WHAT IS NEEDED: From the first line of the entries through the line containing "Áo Khoác Nỉ", output everything exactly except the pictures.

DATA RECORDS:

*** Begin section ***

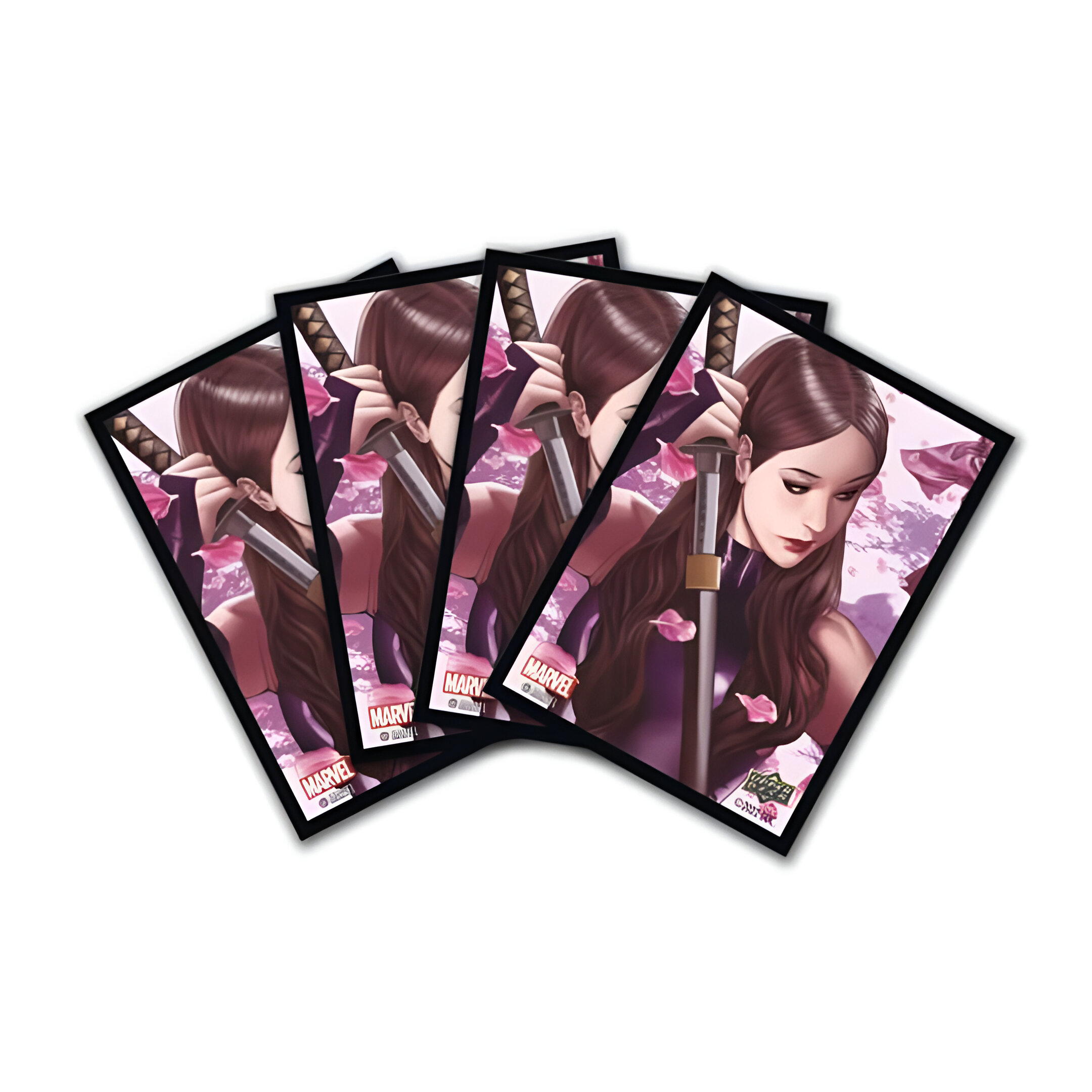The Marvel Psylocke Sleeves (65 Count) are 67mm x 92mm, which will fit standard sized cards. Each pack of sleeves contains 65 card sleeves. These sleeves are non-game specific and can be used with any game. These sleeves are limited edition.
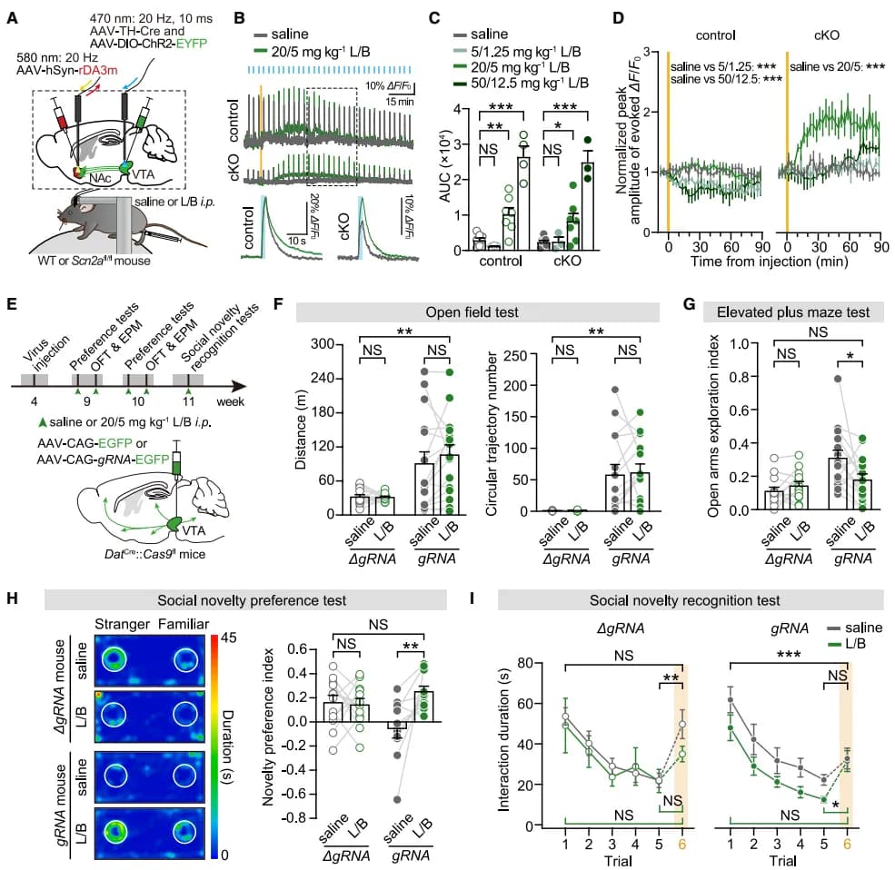 为模拟人类 SCN2A 杂合突变的病理状态,研究团队采用 Scn2a +/- 杂合子小鼠开展验证。行为学测试显示,杂合子小鼠表现出过度活跃和焦虑水平不足,这一运动与焦虑表型,与 VTA DAN 特异性 Scn2a 敲除模型(gRNA 模型)高度相似(图 7B、C);而社交能力缺陷更为显著:居住 - 入侵测试中与入侵者的主动社交互动总时长显著减少(图 7D),社交新奇偏好测试中区分熟悉与陌生小鼠的能力大幅下降(图 7E),社交新奇识别测试中,对第二只陌生小鼠的探索兴趣无反弹(图 7F)。对该杂合子小鼠给予左旋多巴 / 苄丝肼(L/B) 干预后,结果显示 L/B 可显著挽救其焦虑不足表型,并有效改善社交缺陷(图 7G-I)。该结果在更贴近人类 SCN2A 杂合突变病理场景的模型中,进一步证实了 Scn2a 功能不足与孤独症样行为的因果关联 ,同时为 L/B 的临床干预价值提供了更可靠的实验依据。
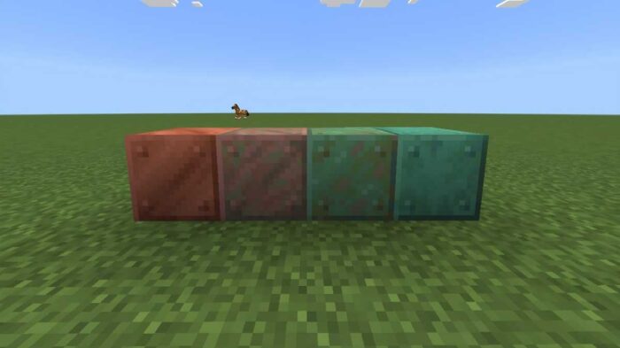 銅の使い道として、銅ブロックや銅ゴーレムがあります。銅関連のアイテムは「時間の経過」でサビる特性があり、定期的にオノで磨かないといけません。
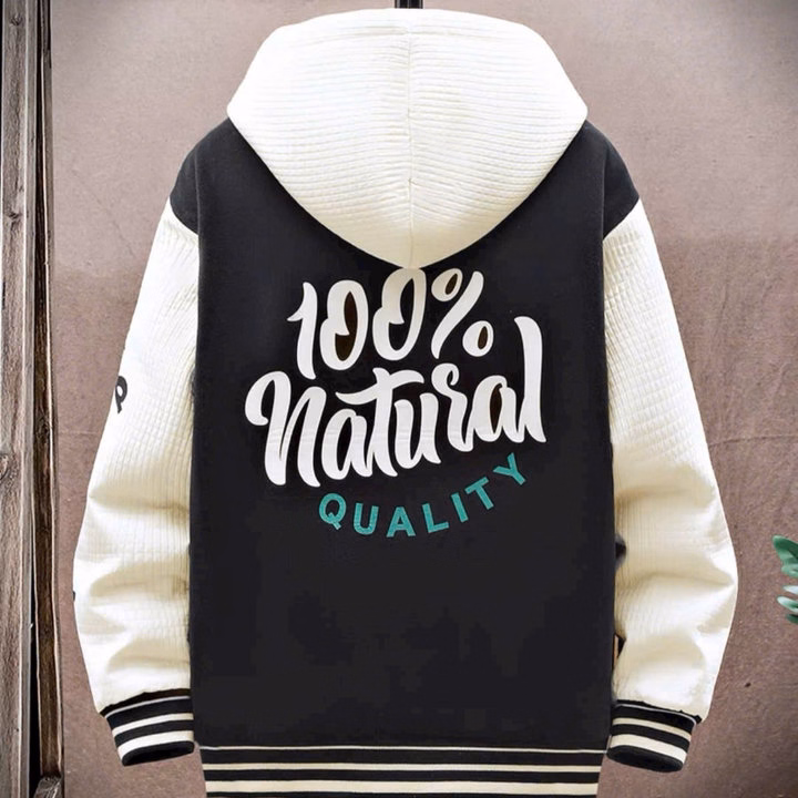 Áo Khoác Nỉ Phối Nút Bấm Có Nón In Họa Tiết 100% Natural – Htm Fashion
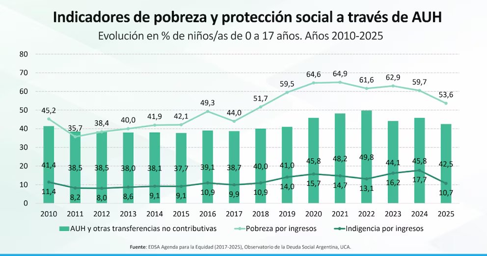 Es que en 2012, la pobreza afectaba al 38,4% de los niños y adolescentes y a partir de allí comenzó un período de deterioro casi ininterrumpido, con un máximo histórico en 2023 (62,9%). La UCA ponderó que el progreso en 2024 y 2025 es significativo pero alertó que «el nivel sigue siendo muy superior al de 2010 y, por supuesto, al de los mejores años de la década pasada».

*** End section ***

EXERCISE ANSWER:
The Marvel Psylocke Sleeves (65 Count) are 67mm x 92mm, which will fit standard sized cards. Each pack of sleeves contains 65 card sleeves. These sleeves are non-game specific and can be used with any game. These sleeves are limited edition.
 为模拟人类 SCN2A 杂合突变的病理状态,研究团队采用 Scn2a +/- 杂合子小鼠开展验证。行为学测试显示,杂合子小鼠表现出过度活跃和焦虑水平不足,这一运动与焦虑表型,与 VTA DAN 特异性 Scn2a 敲除模型(gRNA 模型)高度相似(图 7B、C);而社交能力缺陷更为显著:居住 - 入侵测试中与入侵者的主动社交互动总时长显著减少(图 7D),社交新奇偏好测试中区分熟悉与陌生小鼠的能力大幅下降(图 7E),社交新奇识别测试中,对第二只陌生小鼠的探索兴趣无反弹(图 7F)。对该杂合子小鼠给予左旋多巴 / 苄丝肼(L/B) 干预后,结果显示 L/B 可显著挽救其焦虑不足表型,并有效改善社交缺陷(图 7G-I)。该结果在更贴近人类 SCN2A 杂合突变病理场景的模型中,进一步证实了 Scn2a 功能不足与孤独症样行为的因果关联 ,同时为 L/B 的临床干预价值提供了更可靠的实验依据。
 銅の使い道として、銅ブロックや銅ゴーレムがあります。銅関連のアイテムは「時間の経過」でサビる特性があり、定期的にオノで磨かないといけません。
 Áo Khoác Nỉ Phối Nút Bấm Có Nón In Họa Tiết 100% Natural – Htm Fashion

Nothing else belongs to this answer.